=== Data ===
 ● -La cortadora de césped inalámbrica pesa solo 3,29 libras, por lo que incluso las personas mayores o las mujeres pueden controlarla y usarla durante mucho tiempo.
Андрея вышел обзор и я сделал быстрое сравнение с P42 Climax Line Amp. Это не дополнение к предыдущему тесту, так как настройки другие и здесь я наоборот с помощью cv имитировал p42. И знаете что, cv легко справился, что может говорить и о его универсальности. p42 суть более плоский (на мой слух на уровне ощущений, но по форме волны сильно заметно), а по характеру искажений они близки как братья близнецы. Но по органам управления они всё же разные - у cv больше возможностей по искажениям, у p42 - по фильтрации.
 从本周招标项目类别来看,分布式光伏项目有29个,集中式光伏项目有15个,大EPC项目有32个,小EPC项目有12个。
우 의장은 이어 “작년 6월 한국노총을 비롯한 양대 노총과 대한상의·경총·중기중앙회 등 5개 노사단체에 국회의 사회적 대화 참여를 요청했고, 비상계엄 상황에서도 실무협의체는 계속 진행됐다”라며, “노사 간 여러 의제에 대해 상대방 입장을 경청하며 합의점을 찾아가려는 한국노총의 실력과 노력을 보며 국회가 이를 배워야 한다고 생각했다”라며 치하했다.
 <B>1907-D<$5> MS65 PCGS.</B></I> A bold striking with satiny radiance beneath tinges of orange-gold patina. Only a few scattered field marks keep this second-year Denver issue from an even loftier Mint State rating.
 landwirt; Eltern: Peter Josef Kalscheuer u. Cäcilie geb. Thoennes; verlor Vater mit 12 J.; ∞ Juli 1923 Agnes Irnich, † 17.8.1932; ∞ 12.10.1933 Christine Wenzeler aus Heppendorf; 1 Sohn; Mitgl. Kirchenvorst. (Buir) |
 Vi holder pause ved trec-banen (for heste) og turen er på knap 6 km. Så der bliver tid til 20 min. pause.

=== Work order ===
Retype the entries exactly from the first line, stopping after the line with "从本周招标项目类别来看,分布".

=== Written solution ===
 ● -La cortadora de césped inalámbrica pesa solo 3,29 libras, por lo que incluso las personas mayores o las mujeres pueden controlarla y usarla durante mucho tiempo.
Андрея вышел обзор и я сделал быстрое сравнение с P42 Climax Line Amp. Это не дополнение к предыдущему тесту, так как настройки другие и здесь я наоборот с помощью cv имитировал p42. И знаете что, cv легко справился, что может говорить и о его универсальности. p42 суть более плоский (на мой слух на уровне ощущений, но по форме волны сильно заметно), а по характеру искажений они близки как братья близнецы. Но по органам управления они всё же разные - у cv больше возможностей по искажениям, у p42 - по фильтрации.
 从本周招标项目类别来看,分布式光伏项目有29个,集中式光伏项目有15个,大EPC项目有32个,小EPC项目有12个。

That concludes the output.